The picture above is my pyramid of knowledge.

My wechat subscription account all articles, organized in the following collection:

Jerry Wang’s collection of SAP technical articles from 2018 to 2021

2514 zhihu articles are collected in this collection:

zhuanlan.zhihu.com/p/441545834

CSDN 10573 blogs:

jerry.blog.csdn.net

Some small gifts from the community and our company have been received this year:

Mid-Autumn Festival, received a wave of moon cake gift boxes. Mooncake gift boxes in tech communities like CSDN are filled with a strong flavor of code farming:

The covers of these mooncakes are full of slang that only programmers can understand:

Mooncake gift box of Tencent Cloud:

Of course, zhihu mooncakes are popular:

A handwritten blessing from Gao Yang, founder of SegmentFault community. More hair is out of the question, and fewer bugs are a dream.

The Bug retreat from the Nuggets community, while beautifully crafted, didn’t reduce my bug count this year:

The 2022 Zhihu desk calendar I just received a few days ago can continue to send pictures to push next year.

I am a Philistine, if only the brass medal were gilded:

Charging bank of Tencent Cloud and Ali Cloud community:

Ali Cloud Developer Community badge:

I usually have the habit of writing and drawing on paper, 51 CTO these notebooks are very practical.

These have added some new collections to my warehouse around SAP.

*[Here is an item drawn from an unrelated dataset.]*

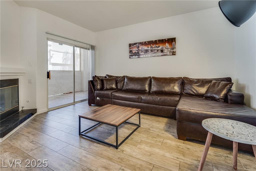 Beautifully maintained 2-bedroom, 2-bath condo with a desirable dual-master layout. Features include an open kitchen with granite countertops, stainless steel appliances, and a large pantry/laundry room. The spacious great room offers a cozy fireplace and access to a screened-in balcony with storage. Upgrades include wood-look tile flooring throughout, a primary suite with walk-in closet and patio access, plus a detached one-car garage. Community amenities include a pool & spa, clubhouse with gym, and mature landscaping. Conveniently located just 5 minutes from the airport, shopping, dining, and parks. Move-in ready.

When I was young, I was very happy at the end of the year, because it meant the coming winter vacation and the Spring Festival. When I grow up, especially after working for so many years, I feel very mixed emotions at the end of each year. I feel sad that the time has gone forever, and I also feel sorry for wasting another year. I believe that many friends of my age will have similar disconsolations.

I am a big fan of Jin Yong, which is reflected in my articles.

  • Jin Yong’s wuxia world and SAP’s jianghu

  • Use a code to list all the idioms used in Jin Yong’s novels

  • The second anniversary of Louis Cha’s death: The Ravings of a frustrated programmer

When I was in school, I read Jin Yong’s novels and was impressed by the profound traditional culture of His works. The detailed and wonderful descriptions of both positive and negative characters, as well as positive and evil characters, and the seemingly smooth rhythm but actually the smooth plot drive, all made me addicted to them and never tired of reading them. Many of Jin Yong’s works can satisfy the traditional Chinese desire for reunion. Finally, the main characters can successfully complete the main line and secondary tasks, with a happy ending.

And as I’ve been through a few things in recent years, I’ve come to realize that there aren’t so many happy endings in the world, and that perhaps life’s disappointments are the norm. Perhaps this is one of the reasons cha insisted on revising the final endings of Wang Yan and Duan Yu in his later years, despite the protests of many readers?

The ancients once said that “man can conquer nature”, but in front of the natural law of birth, old age, illness and death, one’s life is just as helpless as falling leaves in the wind. The world is not more than this helpless sorrow?

The above paragraph of thinking seems to be in a state of depression. In the coming year of 2022, Jerry wishes everyone can become SAP practitioners riding the wind and waves and reach the peak of their own life as soon as possible.

This is Jerry’s last post for 2021, and I’ll see you in 2022!